Milky Way Astro over Old Barns & Cribs

Equipment Used: Nikon D750, 24-120mm f4 lense, 35mm f1.8 lense, SB-700 Speedlights, led flashlight, Vanguard Abeo Plus 363 CT Tripod & Viltrox Wireless Remote Control

The Exsate Golden Hour app on my phone says “Someone told you the most beautiful stars are in August? You have to check!” I ventured out to see if this was true from August 1 – 3 when the sky was clear between 10:30 to well after midnight. I traveled to four different locations to capture the Milky Way.

The D750 was fitted with the 24-120mm at f4 and the 35mm at f2. It was the first time I used the 35mm lense to capture the stars and I was pleased with how much light it gathered but need to fine tune the manual focusing. The camera was placed on my new tripod that is sturdier than my previous one and also easier to set up in the dark. Settings on the camera were manual mode with exposures ranging from 10 to 30 seconds at ISO 3200-8000 with VR off on the lense and high iso nr set to low. For the best in post processing and enlarging the files, RAW was used as well. While my camera was exposing for the milky way, I used the SB-700 in manual mode to throw bursts of light at the foreground which included the barns I was trying capture.

Capture NX-D processed the RAW files into Tiffs with adjustments to enhance the image. Exposure compensation was increased while white balance was either left alone or changed to direct sunlight or incandescent. The picture control was changed to vivid or landscape or also left alone. The contrast, saturation and shadow sliders were adjusted if needed. Lastly, I clicked on the astro noise reduction button to help reduce the noise in the sky.

In PSE 11, I first cloned out unwanted objects such as a line of light from a plane in the sky or a lightening bug flying through the image. Additional enhancements included contrast, saturation, brightness and levels layer masks brushed into certain areas of the image. The unsharp mask filter was used to sharpen the image after cropping and straightening once all the adjustments were done.

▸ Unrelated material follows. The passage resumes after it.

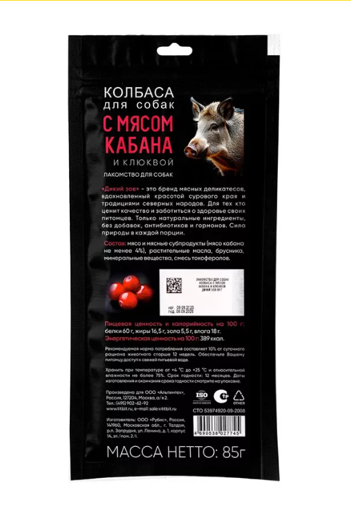Состав: мясо и мясные субпродукты (мясо кабана не менее 4%), растительные масла, клюква, минеральные вещества, смесь токоферолов (натуральный консервант).
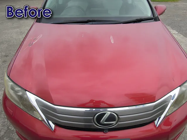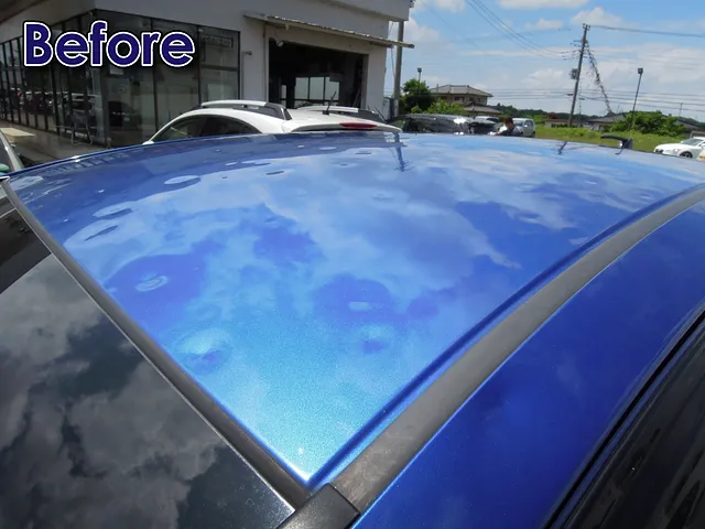 塗装面のクリア剥げのご相談も多くいただきます。クリア剥げの原因は「酸性雨」「紫外線」「鳥フン」「塩害」など様々ですが、どの車種でもどの色でも、日常的に塗装面には負担がかかっています。このようにクリア層が剥がれ落ちてしまうと、お気に入りのお車も一気に古びた印象になってしまいます。

I took two different series of images to combine into star trails using StarStaX which lasted about 10 minutes between the first and last image took using the interval timer on the camera. The time between each shot was five seconds. It sure seems like a longer time when you are setting in the dark. Hopefully in the future, I’ll be able to do an image that is a few hours long which would allow the star trail to start on one side of the image and finish on the other side.

With these images complete, I have to say I agree with the Exsate Golden Hour app has the stars and Milky Way shine bright in these photographs and I’m very happy with how they turned out. The D750 continues to impress me with its ability to capture the scene.